Although the cause of levodopa-induced dyskinesia is still unclear, these motor complications appear to be due to abnormal dopamine transmission in the brain. Compelling evidence has highlighted a key role of neurosteroids (steroids that are capable of regulating neuronal activities) in the modulation of the dopaminergic system. We recently demonstrated that 5-alpha reductase activity, a key enzyme for the biosynthesis of neurosteroids, regulates dopaminergic signaling in brain areas involved in levodopa-induced dyskinesia. Interestingly, the 5-alpha reductase inhibitor finasteride has also been shown to exert therapeutic effects in patients with movement disorders related to imbalances of dopamine signaling, such as schizophrenia and Tourette syndrome.
We hypothesize that inhibition of 5-alpha reductase by finasteride is able to counteract dyskinesia in a pre-clinical model of Parkinson’s disease.
We will test the effects of chronic treatment with different doses of finasteride on dyskinesia in parkinsonian models with induced dyskinesia by daily treatment with levodopa. Then the dyskinetic models will be daily injected with different doses of finasteride for two to three weeks to establish the long-term effect on dyskinesia and the best dosing regimen.

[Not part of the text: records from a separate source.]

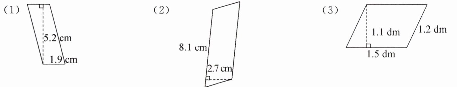 2. 计算下面每个平行四边形的面积。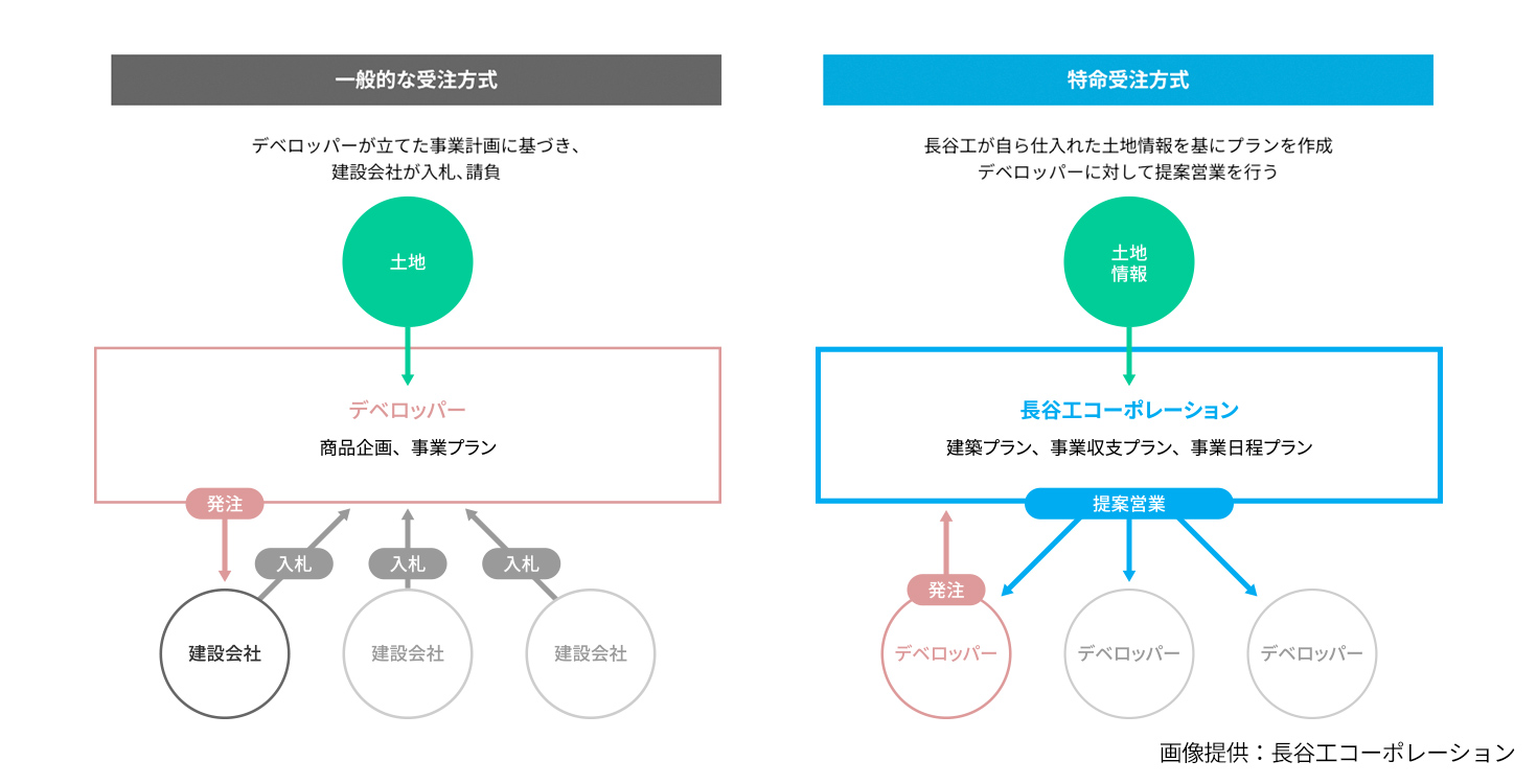 佐藤:確かにそういったイメージもあるかもしれないです(笑)。ゼネコンは建設を請け負い、企画や開発から関わるのがデベロッパーになるのですが、長谷工はどちらの顔も持ち合わせているんですよ。土地が減り、競合が増え、地価も建築費も高騰している今のマーケットでは特に、見積もりを出すスピードや提案力も用地取得の可否を左右します。長谷工のこうした体制やこれまでの経験、実績、技術があるからこそ、取得できる用地も少なくありません。「土地は生き物だ」と、上司に口を酸っぱくして言われてきました。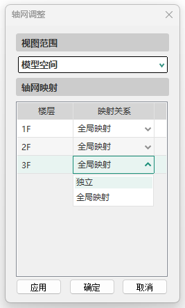 <全局映射>:全局映射模式下,轴网的调整会跨楼层生效,即修改一个轴网时,所有与之关联的轴网都会同步更新。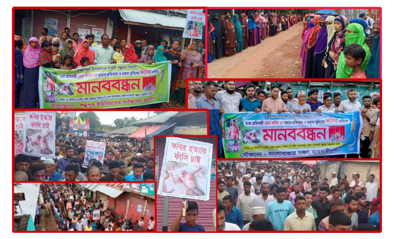 তজুমদ্দিনে বাকপ্রতিবন্ধী যুবক কবির হত্যার বিচার দাবিতে বিক্ষোভ ও মানববন্ধন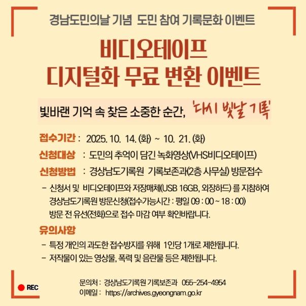 [무한뉴스=최진수 기자] 경상남도기록원은 10월 14일부터 31일까지 도민이 소중한 추억을 오래도록 보존할 수 있도록 '빛바랜 기록 속 찾은 소중한 순간 – 다시 빛날 기록'이라는 주제로 비디오테이프 디지털 변환 이벤트를 추진한다고 밝혔다.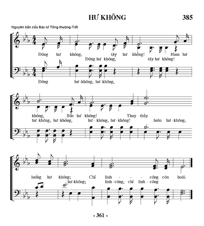 1. Đông hư không, tây hư không! Nam hư không, Bắc hư không! Thay thảy luôn hư không, luống hư không; Chỉ linh công còn hoài. 2. Đông hư không, tây hư không! Nam hư không, Bắc hư không! Thay thảy luôn hư không, luống hư không; Chỉ linh công còn hoài. 3. Đông hư không, tây hư không! Nam hư không, Bắc hư không! Thay thảy luôn hư không, luống hư không; Chỉ linh công còn hoài.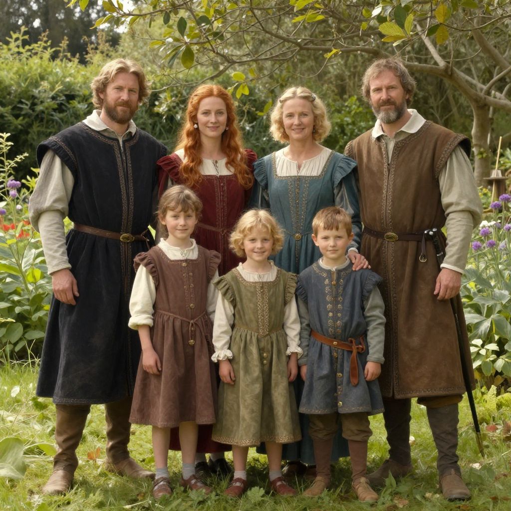 Medieval family portrait featuring a humble noble family outdoors, lush garden setting, soft diffused sunlight, period accurate clothing with embroidery, painterly brush strokes with warm palette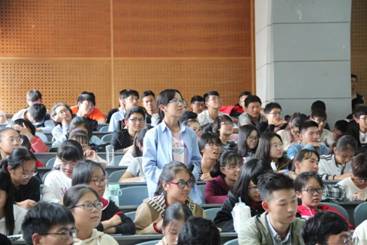 在一阵热烈的掌声中,交流会拉开了序幕。党委副书记乔石豪首先向全体学生强调作为优秀大学生所需的文明礼貌和生活习惯,并向新生们提出塑造“诚信之心”的基本要求。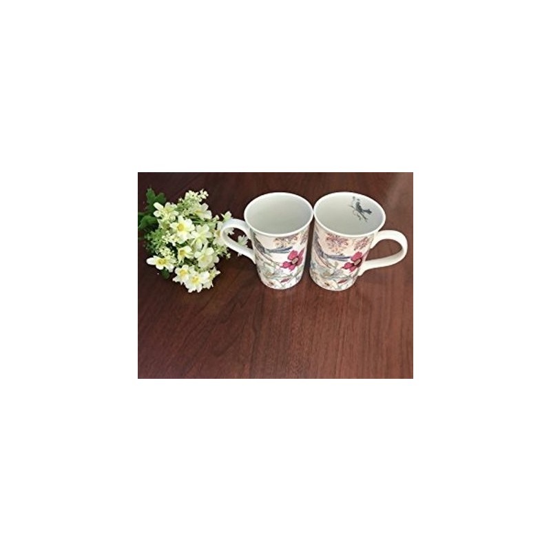 - ''' 2 Mugs set in a reusable handmade in attractive gift box (with ribbon + bead), in spring bird design#||# Made from Bone China means light weight (11.2 Ounce each mug) and translucency with strength and smooth luxurious feel.#||# Food safe, microwave & dishwasher safe#||# One Bone China Set Contains: 2 Mugs in spring bird design#||# Packed in Beautiful gift box to make the perfect present.'''

Impact on Diagnosis/Treatment of Parkinson’s Disease:
Finasteride is a licensed drug currently available for the management of benign prostatic hyperplasia and androgenic alopecia. If shown effective in controlling levodopa-induced dyskinesia, this therapy may be accelerated through clinical testing and beneficial to people with Parkinson’s experiencing these motor fluctuations.
Next Steps for Development:
Should our promising preliminary data be confirmed, this project may rapidly translate into a clinical investigation.